Hi ,
Oron Peled wrote:
On Sunday, 7 בOctober 2007, Mike Kemelmakher wrote:
Hi,
The pthread_attr_getstacksize() and pthread_attr_setstacksize()
functions, respectively, shall get and set the thread _*creation*_
stacksize attribute in the attr object.
AFAIK, in terms of the pthead *API*, the creation size is the *only* size.
This is because POSIX threads are implemented on many platforms, including
non-Unix, non-MMU ones. That's why there is a standard attribute to set
the stack size, while you don't have such a parameter for fork().
I must admit I didn't know Linux actually had a growing stack threads
and it seems to me that they are a Linux extension --
For the Linux kernel a thread is a task like any other process and can
easily have its stack mem-mapped to some private pages to implement this
feature. Of course other Unices *may* implement it in a similar way.
What i need is current stack size of a running thread. My problem is
that i have a thread with constantly growing stack ( i can see it via
/proc/PID/smaps ).
Unless someone added a linux-specific API for this, you may have to
revert to /proc/PID/smaps parsing :-(
Thread uses some functions from a proprietary shared library. I need to
know when the stack size of the mentioned thread reaches RLIMIT_STACK
so i can safely restart that thread before it crashes.
The wonders of proprietary code. You cannot fix the memory leak so
you have to work around it... nice.
Maybe the way to wrap it would be:
1. Create a watcher thread that would sample /proc/PID/smaps
2. Have this thread restart the problematic thread --
this is of course application specific.
So when this library eventually get fixed, you can knife the ugly code out.

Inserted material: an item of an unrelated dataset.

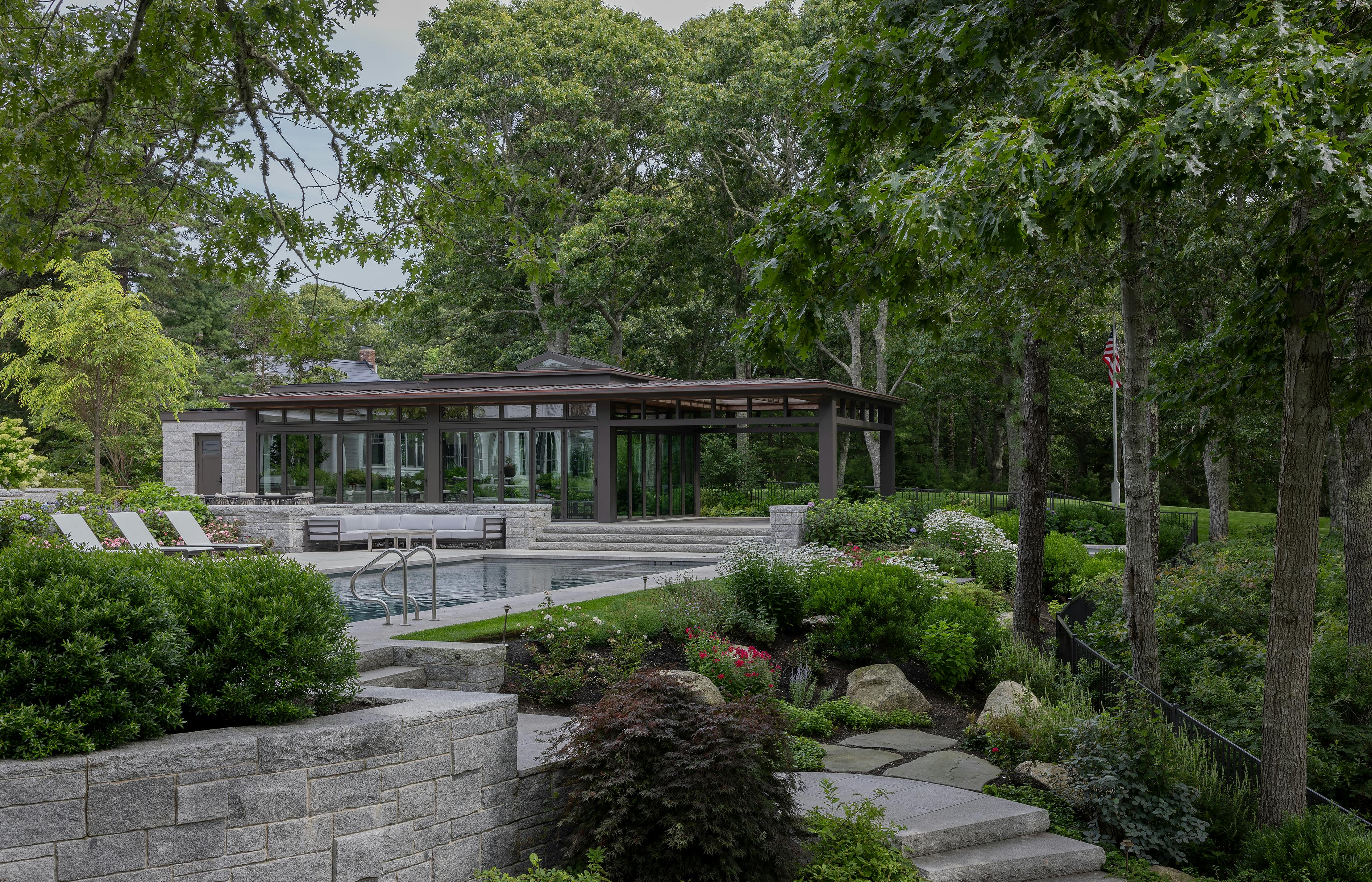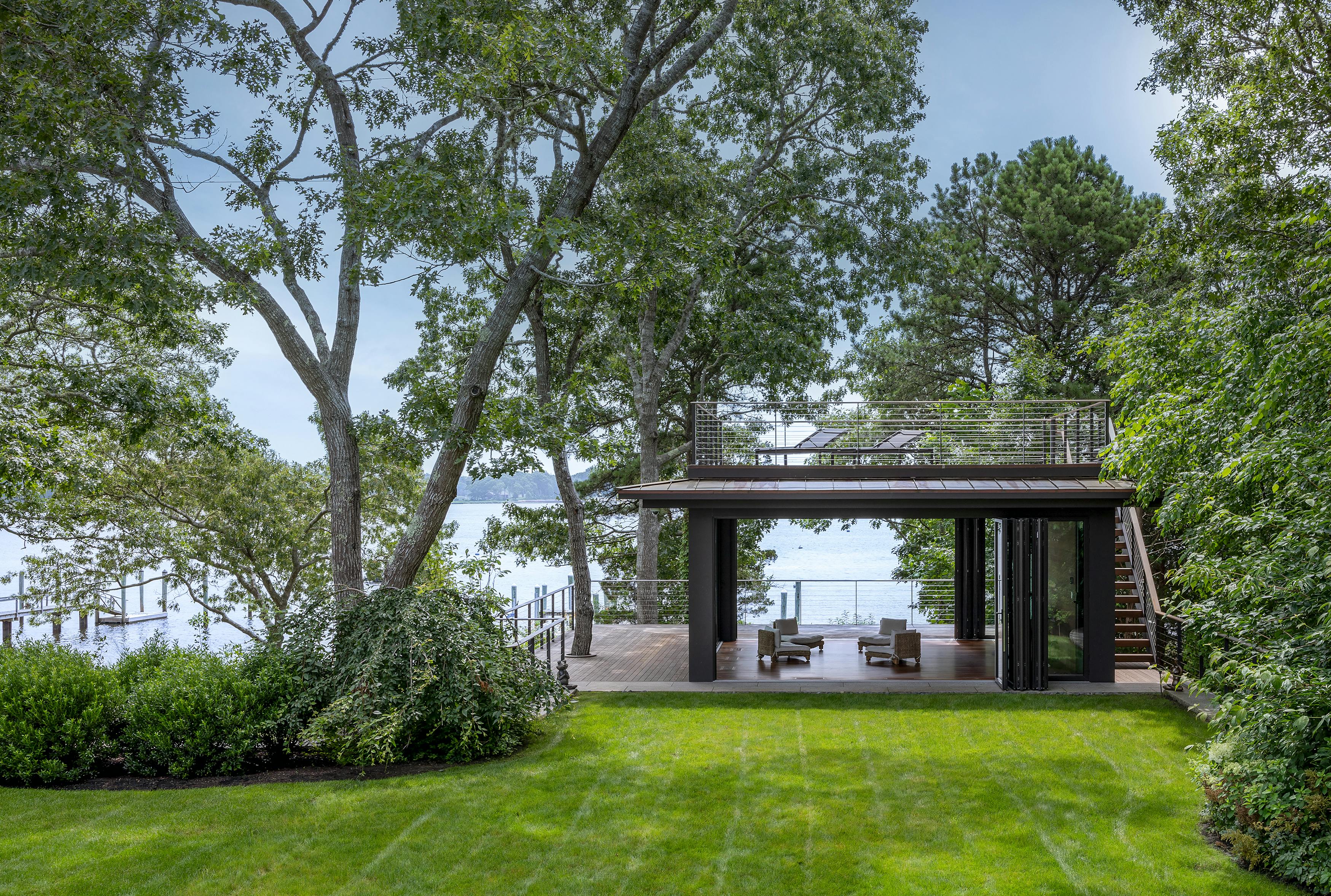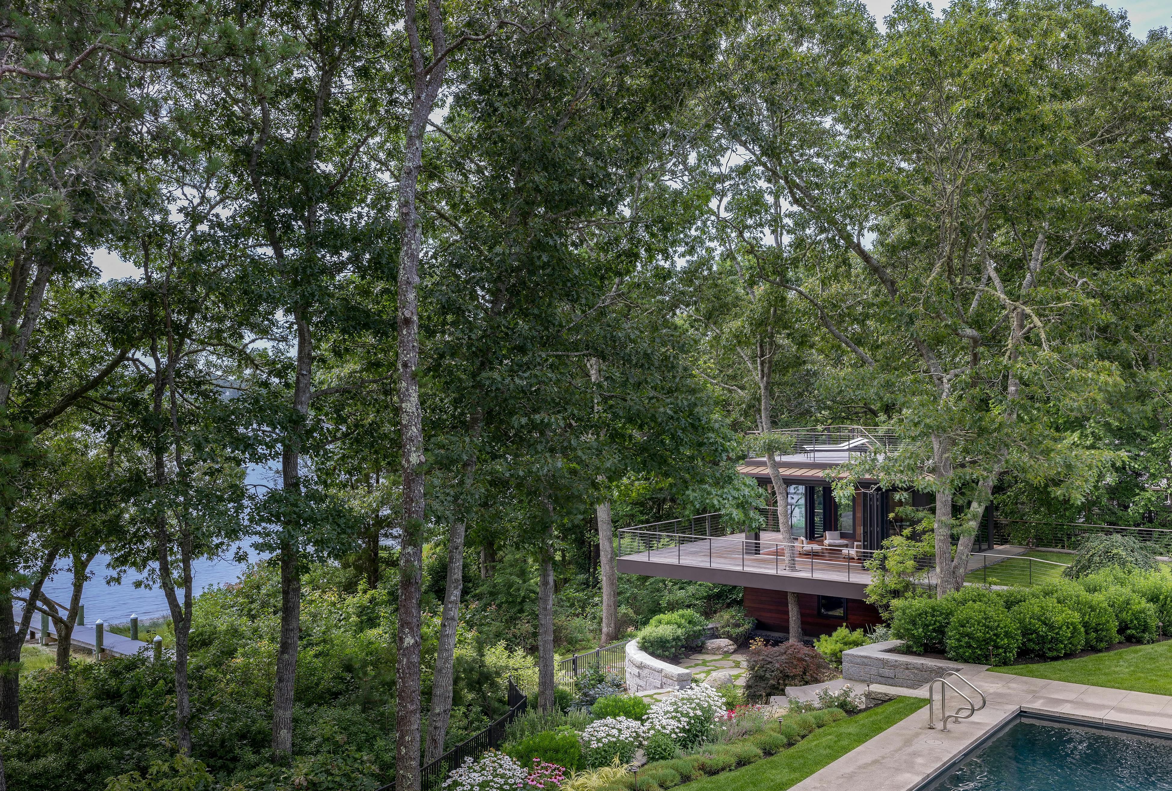 Drawing inspiration from the topography, this Cape Cod project was designed to create open, transparent structures that nestle in the trees and hover above the land. Designed by Doreve Nicholaeff Architecture.

Indeed, thats what i do - juts there is no need for the watcher thread -
problematic thread monitors and restarts itself.
10x,
Mike
P.S. It would be nice to add a linux-specific API for thread stack
monitoring. Moreover, there is API that can be extended to do this -
getrusage (2) . There is the field - ru_isrss - integral unshared
stack size - however linux does not maintain this field for some reason.